▶ [DATASET SECTION]:
=== Begin Enclosure ===

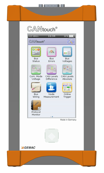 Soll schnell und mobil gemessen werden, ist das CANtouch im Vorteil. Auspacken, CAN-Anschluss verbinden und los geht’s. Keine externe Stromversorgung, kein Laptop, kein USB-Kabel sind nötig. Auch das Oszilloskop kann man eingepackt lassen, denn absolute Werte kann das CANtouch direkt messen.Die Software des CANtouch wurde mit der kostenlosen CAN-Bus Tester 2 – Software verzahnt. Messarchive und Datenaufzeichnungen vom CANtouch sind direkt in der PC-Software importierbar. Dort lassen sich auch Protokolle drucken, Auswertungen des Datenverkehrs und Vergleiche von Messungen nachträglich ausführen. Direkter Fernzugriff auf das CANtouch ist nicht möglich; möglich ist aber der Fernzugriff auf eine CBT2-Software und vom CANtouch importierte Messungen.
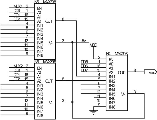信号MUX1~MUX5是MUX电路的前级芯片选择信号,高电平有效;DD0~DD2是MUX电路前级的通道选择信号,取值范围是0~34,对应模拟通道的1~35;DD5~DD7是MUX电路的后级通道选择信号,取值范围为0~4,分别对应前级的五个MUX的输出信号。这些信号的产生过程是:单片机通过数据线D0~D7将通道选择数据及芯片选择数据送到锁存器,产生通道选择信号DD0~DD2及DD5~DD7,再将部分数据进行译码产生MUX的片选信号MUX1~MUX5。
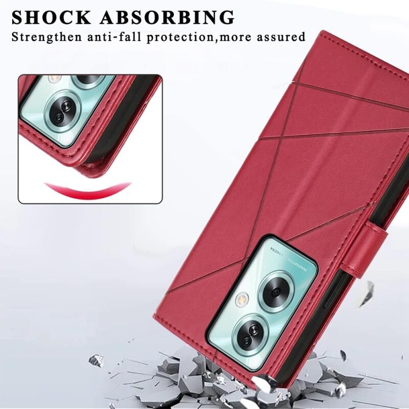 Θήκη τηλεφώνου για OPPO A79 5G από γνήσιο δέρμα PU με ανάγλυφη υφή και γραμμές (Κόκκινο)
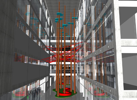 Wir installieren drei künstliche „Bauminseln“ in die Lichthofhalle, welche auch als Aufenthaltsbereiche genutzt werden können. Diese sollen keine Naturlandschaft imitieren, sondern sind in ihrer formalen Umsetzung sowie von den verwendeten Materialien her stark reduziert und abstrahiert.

=== End Enclosure ===

Take the lines from the start of the listing above through the line with "Θήκη τηλεφώνου για", both ends included, and copy them exactly, leaving the pictures behind.

▶ [EXERCISE RESPONSE]:
 Soll schnell und mobil gemessen werden, ist das CANtouch im Vorteil. Auspacken, CAN-Anschluss verbinden und los geht’s. Keine externe Stromversorgung, kein Laptop, kein USB-Kabel sind nötig. Auch das Oszilloskop kann man eingepackt lassen, denn absolute Werte kann das CANtouch direkt messen.Die Software des CANtouch wurde mit der kostenlosen CAN-Bus Tester 2 – Software verzahnt. Messarchive und Datenaufzeichnungen vom CANtouch sind direkt in der PC-Software importierbar. Dort lassen sich auch Protokolle drucken, Auswertungen des Datenverkehrs und Vergleiche von Messungen nachträglich ausführen. Direkter Fernzugriff auf das CANtouch ist nicht möglich; möglich ist aber der Fernzugriff auf eine CBT2-Software und vom CANtouch importierte Messungen.
信号MUX1~MUX5是MUX电路的前级芯片选择信号,高电平有效;DD0~DD2是MUX电路前级的通道选择信号,取值范围是0~34,对应模拟通道的1~35;DD5~DD7是MUX电路的后级通道选择信号,取值范围为0~4,分别对应前级的五个MUX的输出信号。这些信号的产生过程是:单片机通过数据线D0~D7将通道选择数据及芯片选择数据送到锁存器,产生通道选择信号DD0~DD2及DD5~DD7,再将部分数据进行译码产生MUX的片选信号MUX1~MUX5。
 Θήκη τηλεφώνου για OPPO A79 5G από γνήσιο δέρμα PU με ανάγλυφη υφή και γραμμές (Κόκκινο)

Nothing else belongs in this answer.